Своим спасением мы обязаны Левину. Узнав о нашем положении, он собрал своих саперов и повел их в атаку на немцев, окружавших горящий дом. Меня все время поражало, сколько энергии и отваги в этом больном человеке, слабом и хилом на вид. Левин был тяжело ранен еще в гражданскую войну. У него свищ в позвоночнике. Но солдаты даже не подозревают об этом — настолько бодр и неутомим всегда наш начальник инженерных войск.

* * *

Шестой день мы действуем на оперативном просторе. Линия фронта осталась далеко позади. А мы все рвемся вперед. На отдых нет времени. Спим урывками, откинувшись на сиденье машины. Все время в дороге, все время в боях.
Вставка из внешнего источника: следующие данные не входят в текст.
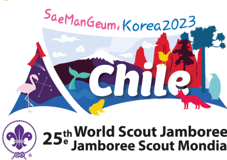
IMAGEN DE CONTINGENTE NOMBRES UNIDADES OPORTUNIDADES
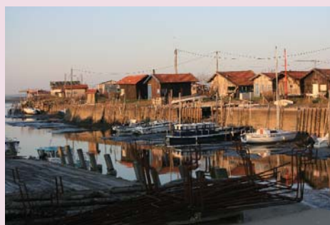
Le Port de Larros

Escale suivante à la Maison de l'Huître : bon accueil, intérêt certain, programme intelligent. En moins d'une heure nous avons tout compris à propos de l'huître depuis le naissain jusqu'à la dégustation. Histoire, science et gastronomie tout compris.
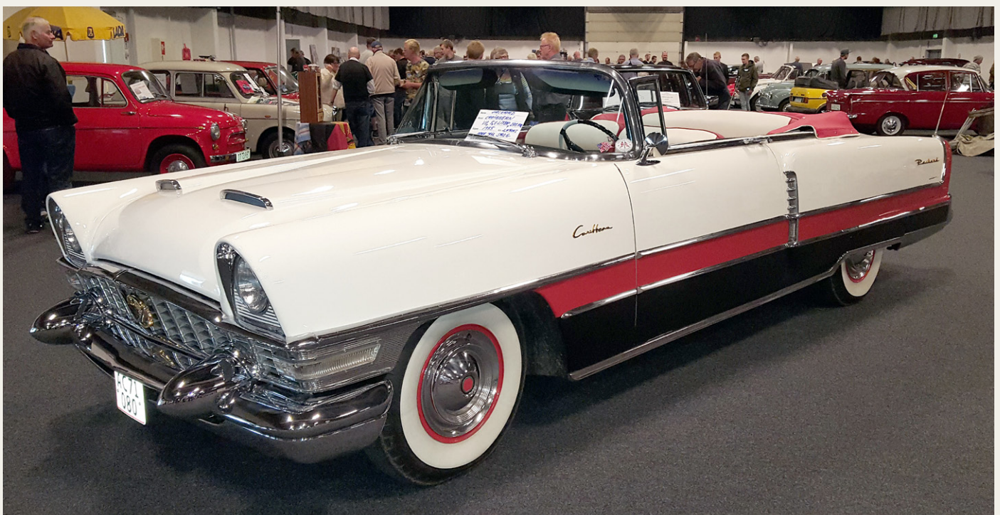
Thorben Damsgaards flotte Packard Caribbean Cnvertible fra 1955 strålede som en sol midt i udstillingshallen.
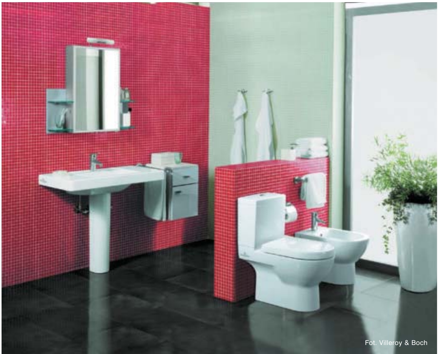
Fot. Villeroy &amp; Boch

Za projektowanie sprzętów do łazienki wzięli się projektanci o znanych nazwiskach... stąd taka różnorodność fasonów, kolorów, surowców. Szczególnie umywalki produkowane są w tej chwili z najróżniejszych materiałów, na przykład ze stali nierdzewnej, tworzyw sztucznych, kamienia, szkła, a nawet drewna, najpopularniejsze są jednak nadal te z różnego rodzaju ceramiki. I dlatego nazwa, choć już nie całkiem adekwatna, została.
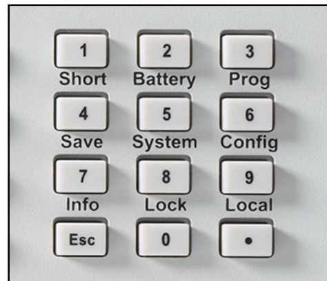
图 1. 使用旋转旋钮或小键盘，使用所有可用的分辨率，迅速输入设置，或设定参数。

Series 2380 可编程 DC 电子负载可以输出各种电压和电流。200W Model 2380-500-15 可以支持最高 500V 或 15A 的电压和电流。250W Model 2380-120-60 可以支持最高 120V 或 60A 的电压或电流。750W Model 2380-500-30 可以支持最高 500V 或 30A 的电压或电流。这些单一输出的独立式电子负载非常经济，均为全内置设备。
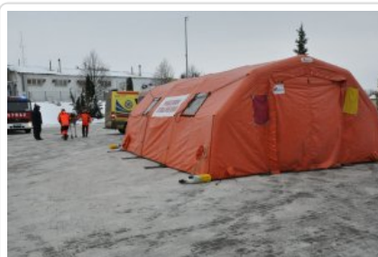
Ćwiczenia służb „Arena 2018”
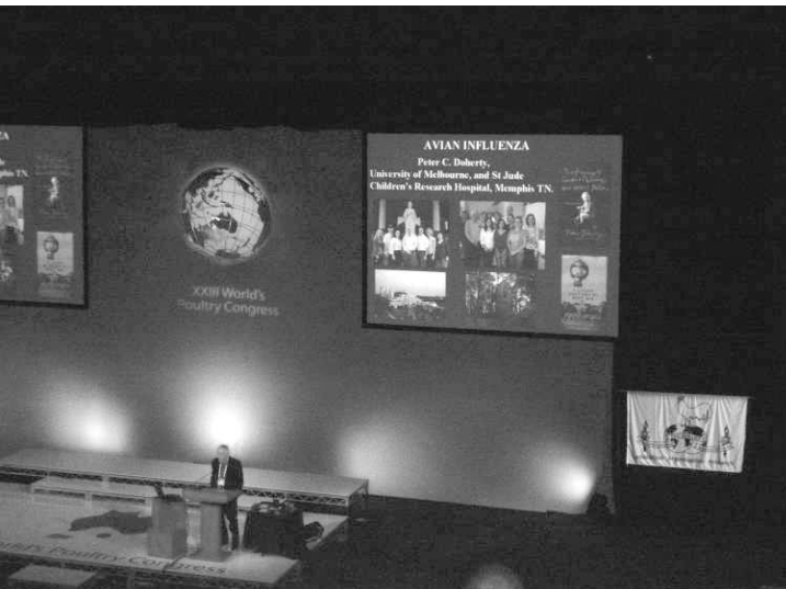
▲ 세계가금학회 본 회의장

Немного оправившись, сменив обгоревшую одежду, мы тоже спешим к реке. [262]

Вдруг со стороны реки донесся мощный взрыв. Высоко в небо полетели бревна, доски. Облако дыма и пыли поплыло на нас. Гитлеровцы взорвали мост. К реке не подступиться — с западного берега противник бьет из всех видов оружия.

Надо немедленно подавить вражеский огонь. Богданов по радио торопит меня.

Я и Торшилов едем в 16-й корпус. После гибели Фураева артиллерию здесь возглавил полковник И. И. Таранов. Офицеров своего штаба С. А. Панасенко, В. Н. Чернышева и Б. А. Маслова направляю в 3-й корпус. С. А. Горячева и И. Ф. Платонова — в 11-ю бригаду. Перед всеми ставлю задачу — невзирая ни на какие возражения командиров соединений и частей, стянуть ближе к реке минометы и артиллерийские полки.

Всю артиллерию — на подавление вражеского огня!

Кравчук с офицерами штабов корпусов встречают батареи и дивизионы, указывают места их огневых позиций. Орудия с ходу разворачиваются и открывают огонь. Через полтора-два часа почти вся наша артиллерия сосредоточилась недалеко от берега. Майоры Г. С. Сапожников, Г. А. Савельев, А. А. Комаровский налаживают командные пункты, связь. Мой КП в полукилометре от реки. Торшилов по радио и проводам связывает меня со штабами артиллерии корпусов. Большую помощь в управлении войсками оказывает нам штабная батарея, созданная стараниями подполковника Горячева, начальника связи артиллерии армии. Батареей командует энергичный капитан Н. И. Елинбаум.

Все больше и больше артиллерии вводится в действие. Грохочет, полыхает вспышками выстрелов весь берег. На дороге показывается вереница машин со снарядами — орудия пожирают огромное количество боеприпасов. В кабине грузовика вижу подполковника Н. Н. Гусева. Когда меня назначали во 2-ю танковую, я попросил, чтобы вместе со мной направили и Николая Николаевича. Он стал заместителем начальника артснабжения армии.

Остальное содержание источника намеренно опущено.